**Information supplied**
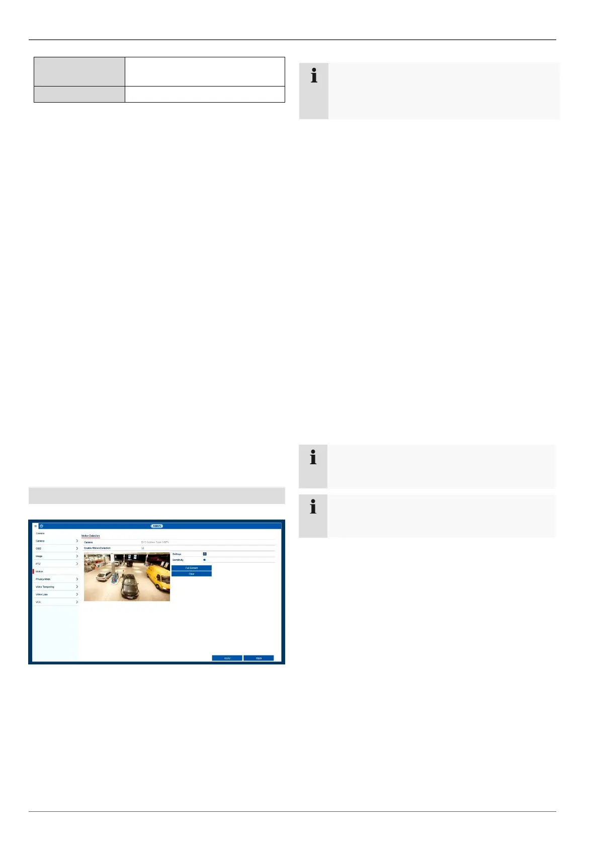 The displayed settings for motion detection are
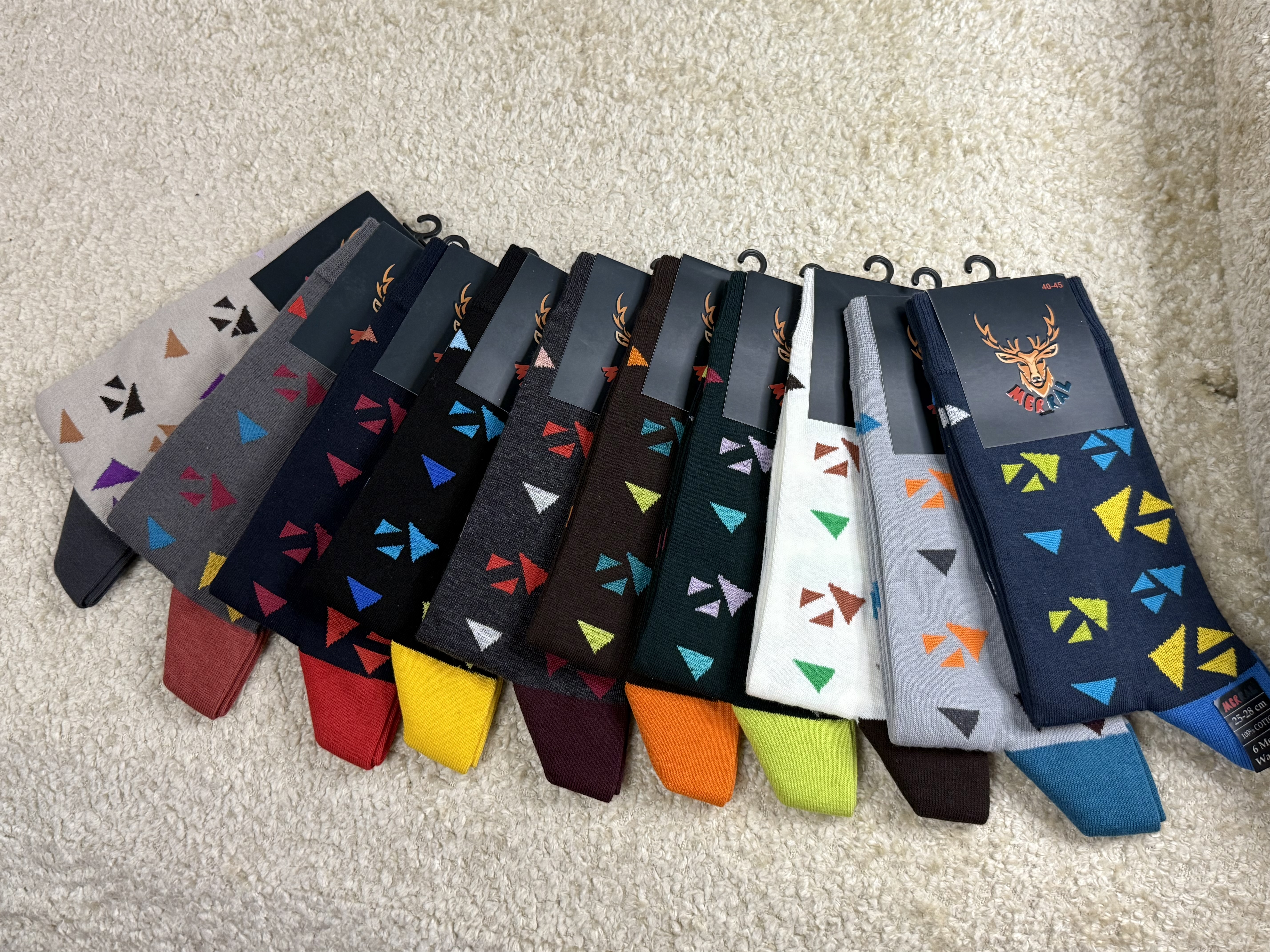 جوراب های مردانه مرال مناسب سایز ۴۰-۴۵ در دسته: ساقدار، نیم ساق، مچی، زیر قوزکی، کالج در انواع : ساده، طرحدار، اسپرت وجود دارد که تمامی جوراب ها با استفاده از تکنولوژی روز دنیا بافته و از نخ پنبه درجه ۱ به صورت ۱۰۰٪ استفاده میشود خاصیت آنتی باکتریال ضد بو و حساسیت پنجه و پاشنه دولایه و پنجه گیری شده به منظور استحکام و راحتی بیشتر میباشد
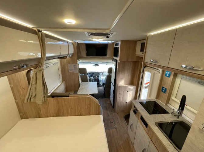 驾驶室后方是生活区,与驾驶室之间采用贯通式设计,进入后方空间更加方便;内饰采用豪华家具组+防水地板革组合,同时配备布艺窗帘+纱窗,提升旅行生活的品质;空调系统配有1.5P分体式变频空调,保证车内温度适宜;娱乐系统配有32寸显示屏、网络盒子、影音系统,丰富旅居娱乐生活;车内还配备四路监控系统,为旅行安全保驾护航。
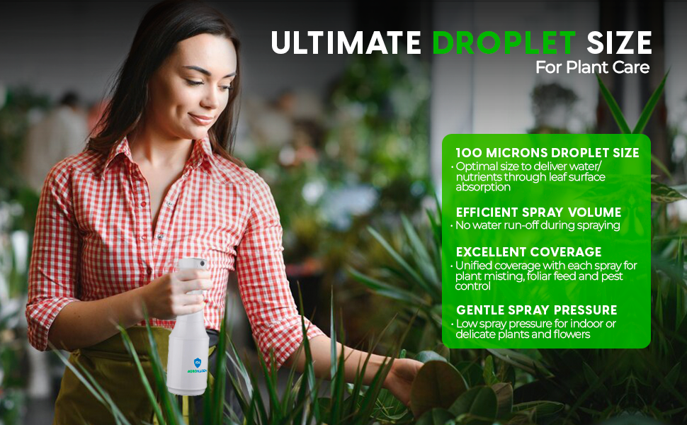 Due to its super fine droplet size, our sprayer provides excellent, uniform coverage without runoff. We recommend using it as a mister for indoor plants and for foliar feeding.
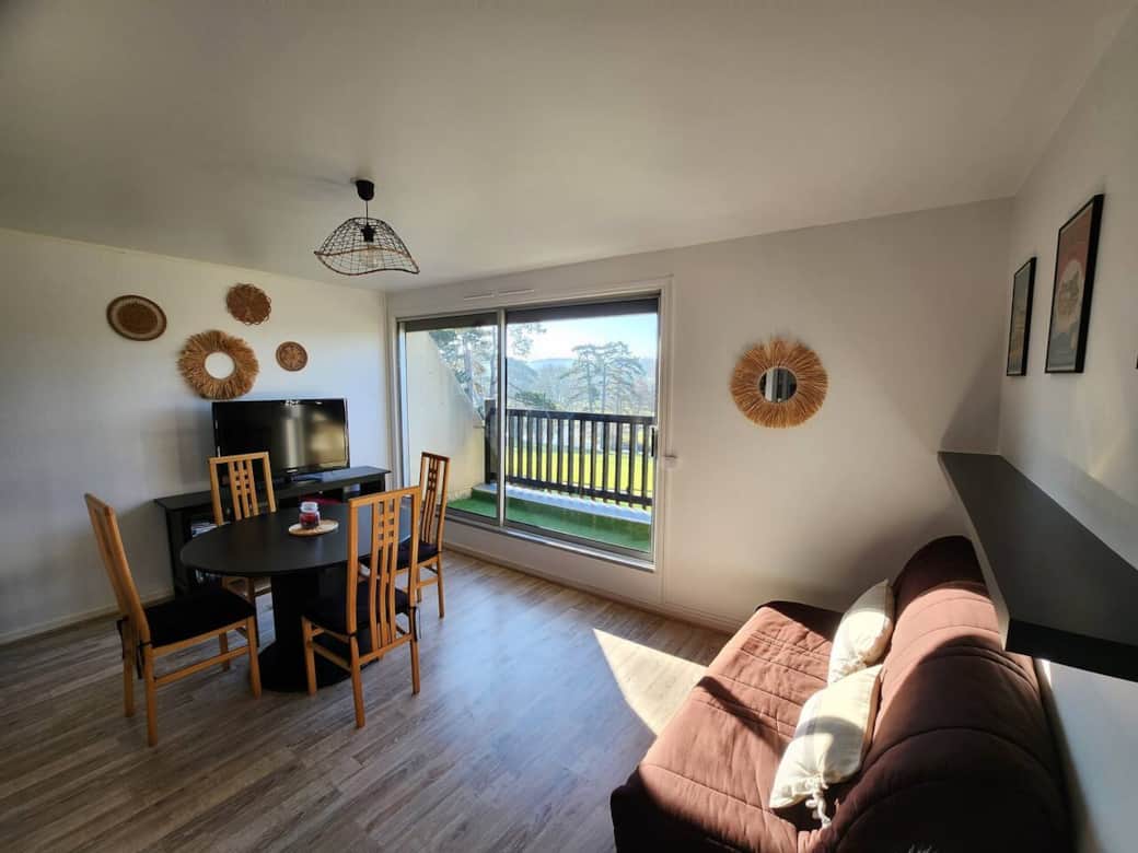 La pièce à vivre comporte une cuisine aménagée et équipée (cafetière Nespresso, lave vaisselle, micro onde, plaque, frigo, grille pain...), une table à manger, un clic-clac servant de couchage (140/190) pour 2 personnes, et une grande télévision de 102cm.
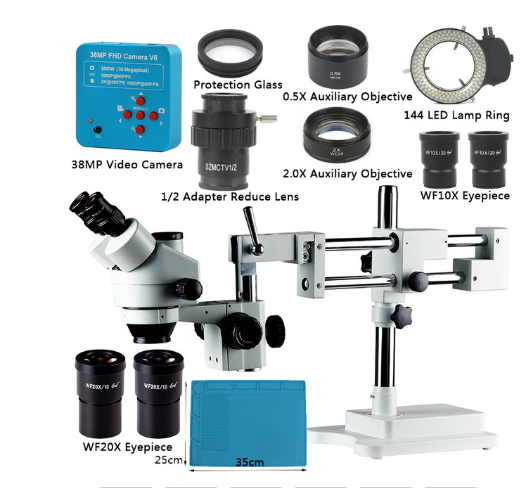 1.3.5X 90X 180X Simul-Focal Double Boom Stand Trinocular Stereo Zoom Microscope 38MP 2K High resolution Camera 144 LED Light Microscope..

**Task statement**
An exact copy of the listing above is to be set down, with no pictures in it.

**Expected answer**
 The displayed settings for motion detection are
 جوراب های مردانه مرال مناسب سایز ۴۰-۴۵ در دسته: ساقدار، نیم ساق، مچی، زیر قوزکی، کالج در انواع : ساده، طرحدار، اسپرت وجود دارد که تمامی جوراب ها با استفاده از تکنولوژی روز دنیا بافته و از نخ پنبه درجه ۱ به صورت ۱۰۰٪ استفاده میشود خاصیت آنتی باکتریال ضد بو و حساسیت پنجه و پاشنه دولایه و پنجه گیری شده به منظور استحکام و راحتی بیشتر میباشد
 驾驶室后方是生活区,与驾驶室之间采用贯通式设计,进入后方空间更加方便;内饰采用豪华家具组+防水地板革组合,同时配备布艺窗帘+纱窗,提升旅行生活的品质;空调系统配有1.5P分体式变频空调,保证车内温度适宜;娱乐系统配有32寸显示屏、网络盒子、影音系统,丰富旅居娱乐生活;车内还配备四路监控系统,为旅行安全保驾护航。
 Due to its super fine droplet size, our sprayer provides excellent, uniform coverage without runoff. We recommend using it as a mister for indoor plants and for foliar feeding.
 La pièce à vivre comporte une cuisine aménagée et équipée (cafetière Nespresso, lave vaisselle, micro onde, plaque, frigo, grille pain...), une table à manger, un clic-clac servant de couchage (140/190) pour 2 personnes, et une grande télévision de 102cm.
 1.3.5X 90X 180X Simul-Focal Double Boom Stand Trinocular Stereo Zoom Microscope 38MP 2K High resolution Camera 144 LED Light Microscope..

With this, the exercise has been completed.